TASK STATEMENT: Please restate word for word the lines of the entries below from the one with "Old Navy Gauze" to the one with "Hiphop Horse Pony", inclusive, and leave out every picture.

RECORDS PROVIDED:
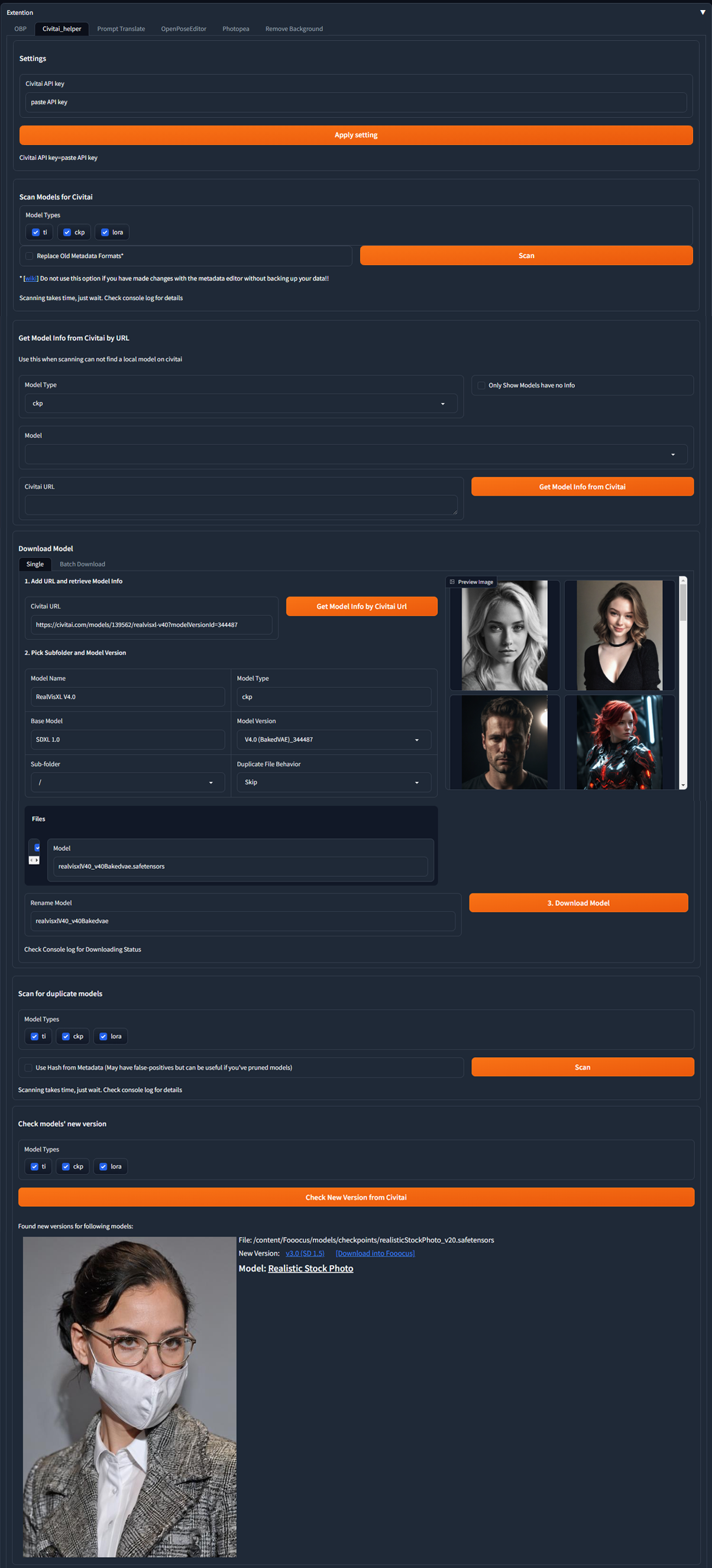 This extension allows you to download models for generation from the civitai website. To download a model you first need to specify your Civitai_API_key. In the Download Model section in the Civitai URL field you need to specify a link to the required model from the browser address bar and click Get Model Info by Civitai URL. After analysing the link you will be given information about the model. You will also be able to select the version of the model before downloading. This extension also allows you to find duplicates of downloaded models and check for updates. In addition, there is a group download option.
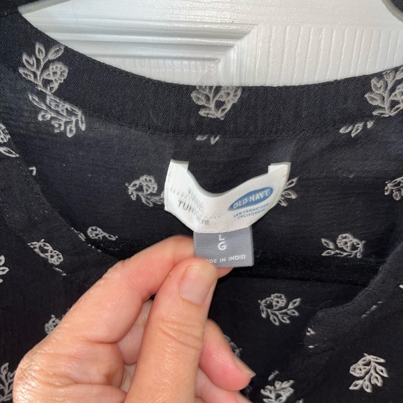Old Navy Gauze Style Long Sleeve Top with White Floral Design Large
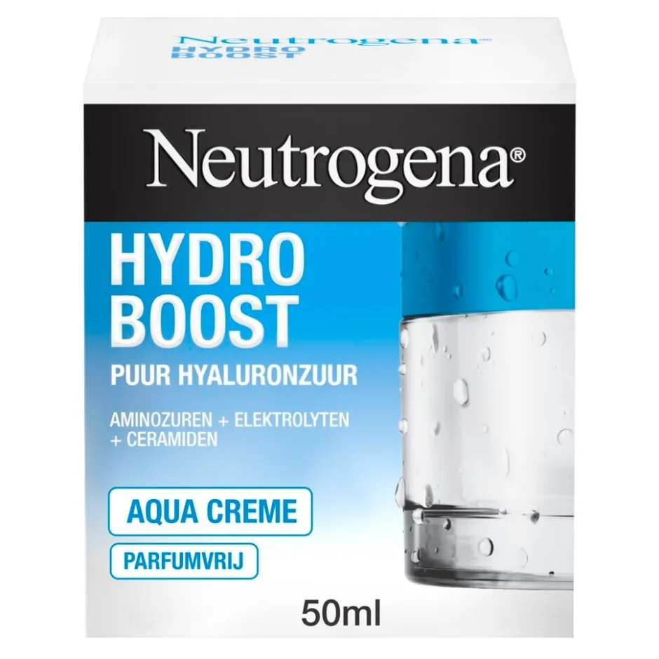 De Neutrogena Hydro Boost Aqua Dag- en Nachtcrème is vrij van parfum, geschikt voor de droge huid en ontwikkeld in samenwerking met dermatologen.
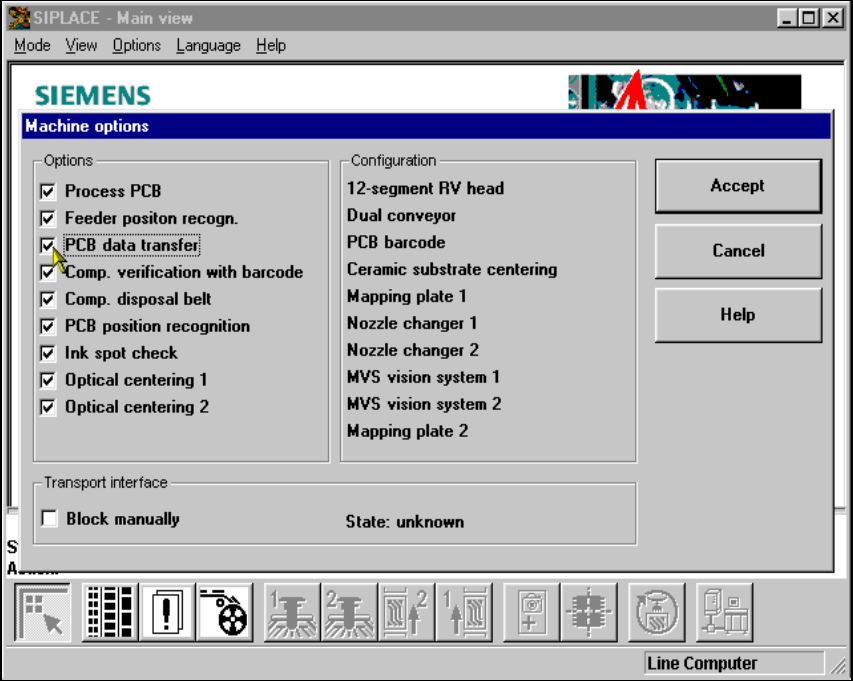 The ’Machine options’ menu contains a ’PCB data transfer’ option. The aim of this function is to
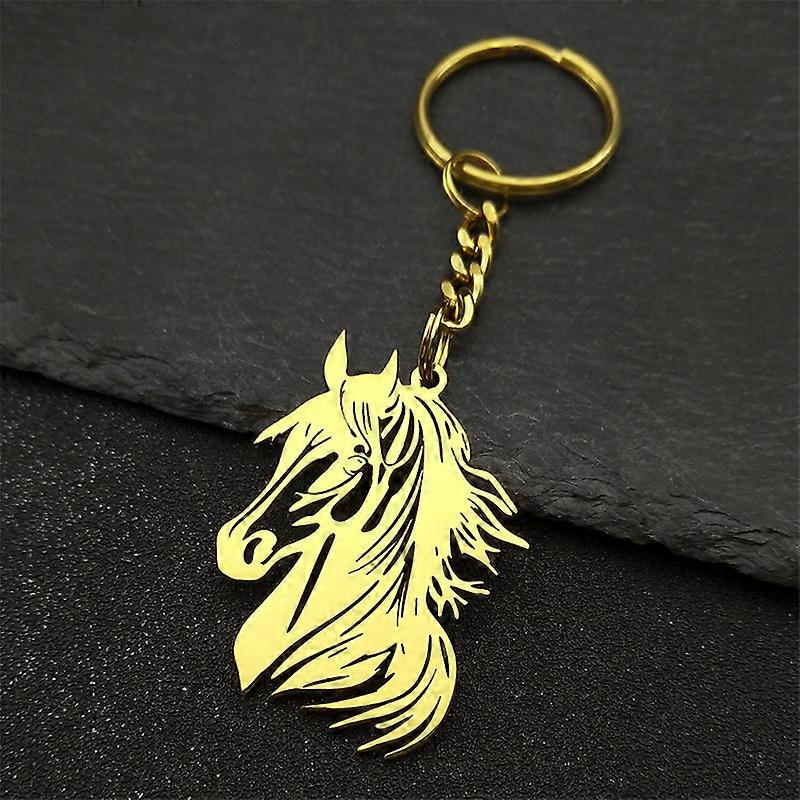 Hiphop Horse Pony Head Animal Keychain For Women Men Stainless Steel Gold Silver Color Male Bag Charm Keyring Jewelry Gifts
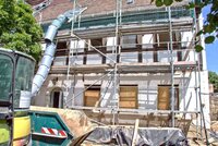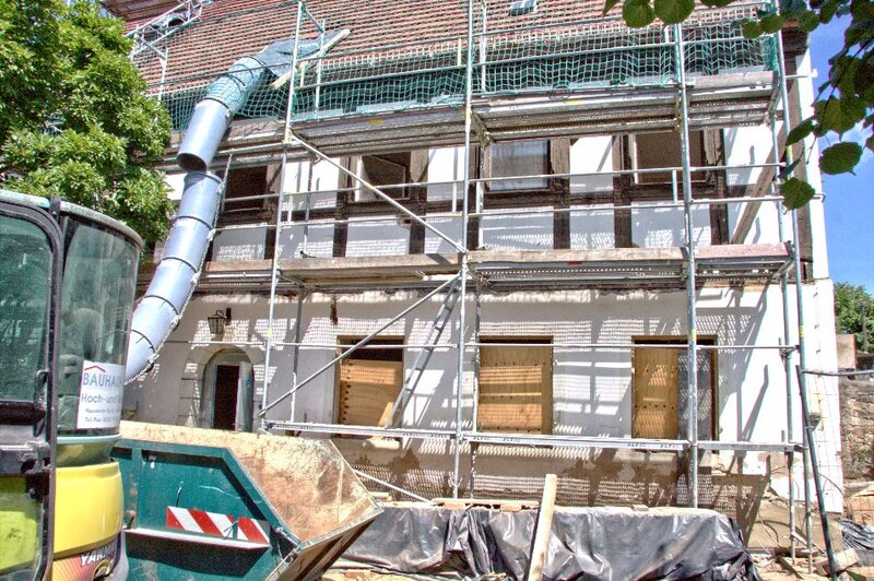 An der Hofseite, der Gartenseite und der Kirchseite des Hauses wurde ein Gerüst aufgestellt.
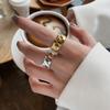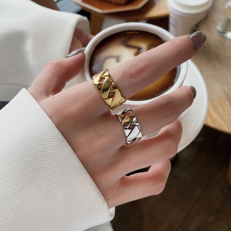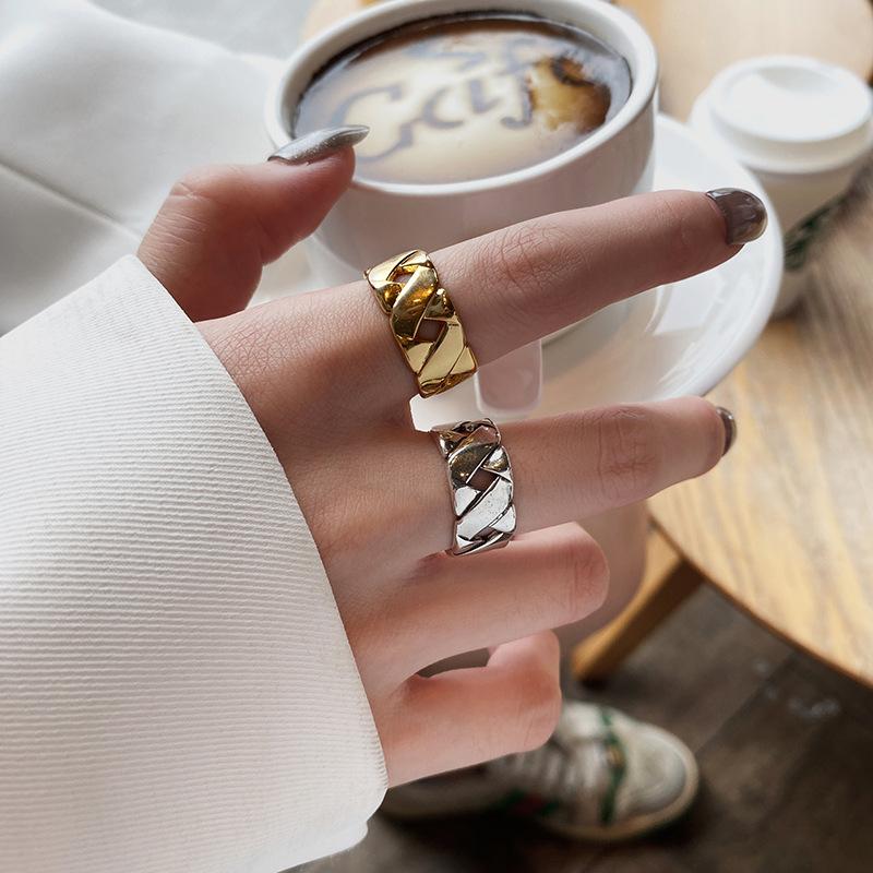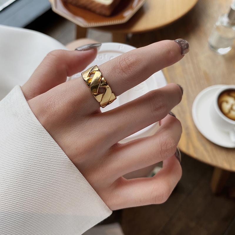Anillo trenzado dorado exagerado estilo hip hop para niña, estilo europeo y americano, con apertura para el dedo índice, accesorios.
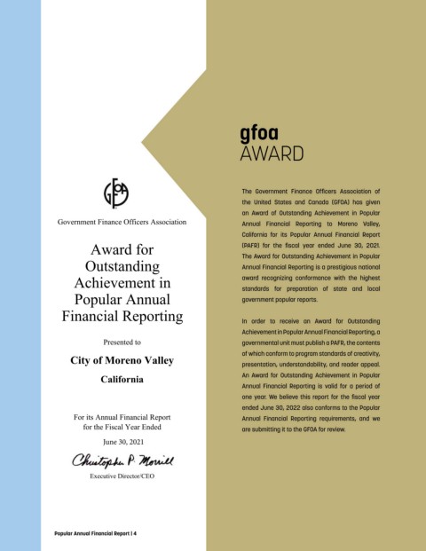 Government Finance Officers Association Annual Financial Reporting to Moreno Valley,
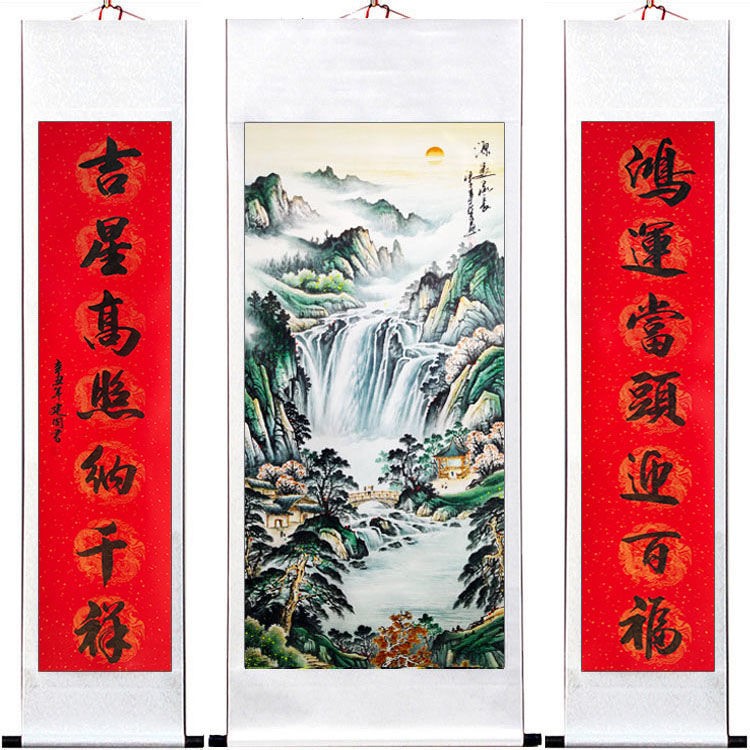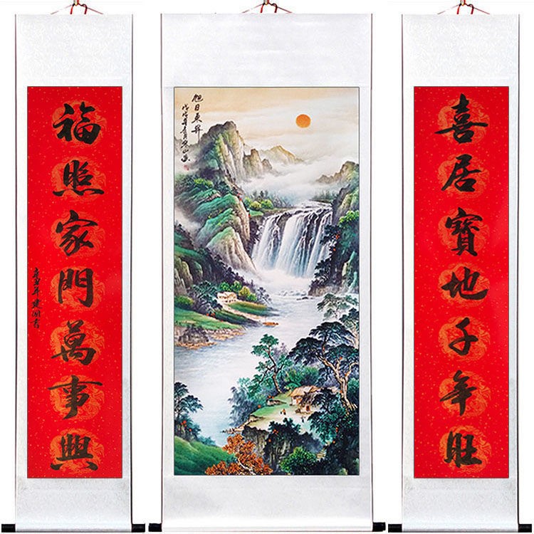 Dan 5 single picture without couplet 170*70 cm Red Happiness 1 Rising sun height 170 total width about 180 Jin Anjin 1 pine 2 height 170 total width about 180 Lucky Star Fortune 1 Caiyuan height 170 total

ANSWER BELOW:
Old Navy Gauze Style Long Sleeve Top with White Floral Design Large
 De Neutrogena Hydro Boost Aqua Dag- en Nachtcrème is vrij van parfum, geschikt voor de droge huid en ontwikkeld in samenwerking met dermatologen.
 The ’Machine options’ menu contains a ’PCB data transfer’ option. The aim of this function is to
 Hiphop Horse Pony Head Animal Keychain For Women Men Stainless Steel Gold Silver Color Male Bag Charm Keyring Jewelry Gifts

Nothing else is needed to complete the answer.